#### WORK INSTRUCTION:
Each line below must be set down exactly; omit any image you find.

#### DATA SHOWN:
>>>>
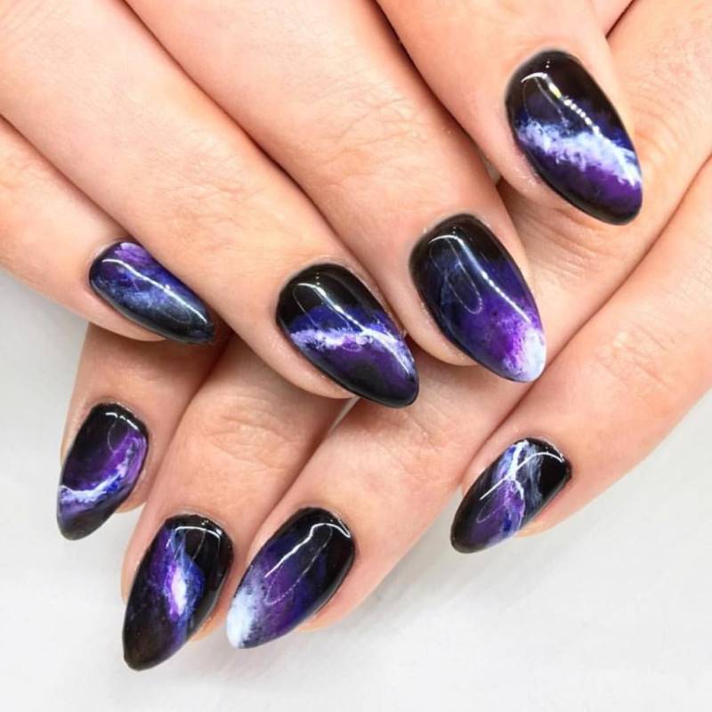 - Обычные гель-лаки, которые бывают разных оттенков, но дают эффект звездного неба с одной более светлой полосой. Они держатся не дольше недели и снимаются размачиванием.
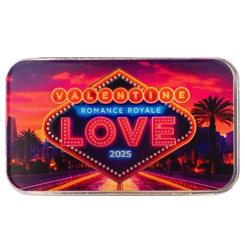 The Romance Royale 1 oz Silver Color Bar captures the glamorous allure of Las Vegas with a playful twist, featuring a vibrant depiction of the iconic Vegas sign. Below the sign, “Valentine” is elegantly displayed, followed by “Royale Romance” in a sophisticated script, and “LOVE” boldly emphasized in large, striking letters. The design combines the glitz and excitement of Vegas with a romantic flair, making it the perfect keepsake for those celebrating love in a grand way. This bar is a fun and luxurious tribute to romance, ideal for Valentine’s Day or any occasion of affection.
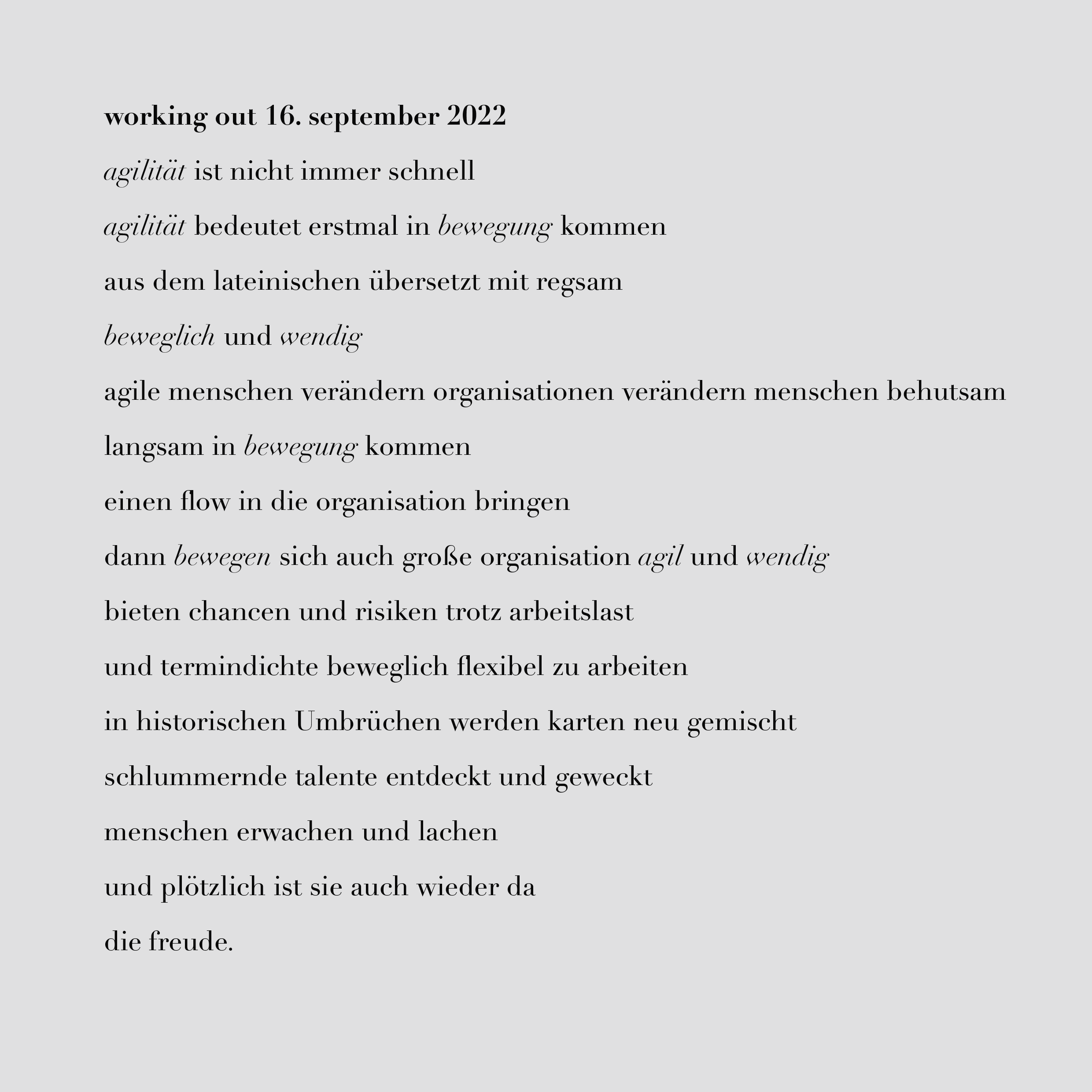 „Geistige Entspannung! Auf eine Sache konzentrieren. Mit etwas Abstand reagieren. Zeit für konzentriertes Arbeiten in Anspruch nehmen. Pausen einhalten. Danke! – Gleich geht’s ins Grüne zu einem schönen Spaziergang.“
<<<<
#### ANSWER TO THIS PROBLEM:
 - Обычные гель-лаки, которые бывают разных оттенков, но дают эффект звездного неба с одной более светлой полосой. Они держатся не дольше недели и снимаются размачиванием.
 The Romance Royale 1 oz Silver Color Bar captures the glamorous allure of Las Vegas with a playful twist, featuring a vibrant depiction of the iconic Vegas sign. Below the sign, “Valentine” is elegantly displayed, followed by “Royale Romance” in a sophisticated script, and “LOVE” boldly emphasized in large, striking letters. The design combines the glitz and excitement of Vegas with a romantic flair, making it the perfect keepsake for those celebrating love in a grand way. This bar is a fun and luxurious tribute to romance, ideal for Valentine’s Day or any occasion of affection.
 „Geistige Entspannung! Auf eine Sache konzentrieren. Mit etwas Abstand reagieren. Zeit für konzentriertes Arbeiten in Anspruch nehmen. Pausen einhalten. Danke! – Gleich geht’s ins Grüne zu einem schönen Spaziergang.“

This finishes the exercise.